Wood/coal stoves and furnances . So many options . Cast , steel, Stoves, Furnaces stand alone add ons. Only one thing I know for sure for me it must be dual coal or wood.
Time has convinced me wood pellet type are out. 
I have wanted to put a smaller Stove up stairs , but this has turn into a lot of work picking the best option. No madder how I look at it the Furnace type make more sense all around safer and more efficient. They just don't look as sexy in the living space.
Cast iron type are dangerous and waste a lot of heat. Flood the thread with your ideas thoughts and systems.


----------



## alterego (Jan 27, 2013)

This is what we have had for ten years now. My brother has one as well. Neither one of us have had a problem other than cracked fire brick.
Wood furnaces : Caddy - E.P.A. wood or wood-electric combination furnace


----------



## Inor (Mar 22, 2013)

I have seen a few of these in action and they are VERY nice. But that comes with a hefty price tag too.

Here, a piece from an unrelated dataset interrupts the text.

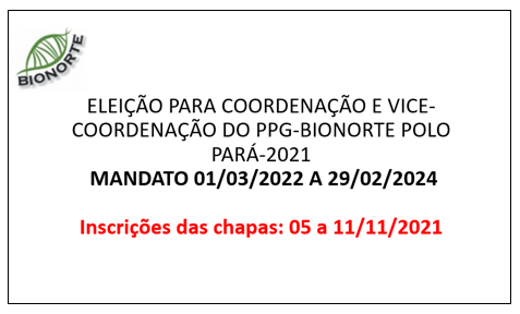 A Coordenação Estadual do Programa de Pós-Graduação em Biodiversidade e Biotecnologia - PPG-Bionorte, informa que estão abertas as inscrições das chapas para Coordenador e Vice-Coordenador do Programa. Para mais informações, consulte os procedimentos para inscrição aqui.

Defiant FlexBurn Wood Burning Stoves by Vermont Castings


----------



## thepeartree (Aug 25, 2014)

So much to say, but I'll try to boil it down some. Coal is going to give you the highest btu/pound of fuel. Wood is normally cheapest. There is nothing wrong with cast iron or steel plate stoves. I feel that furnaces are the smartest way to go for someplace where there isn't someone home all the time. Other than that, I think they're ugly and keeping them in the basement is a fitting reward.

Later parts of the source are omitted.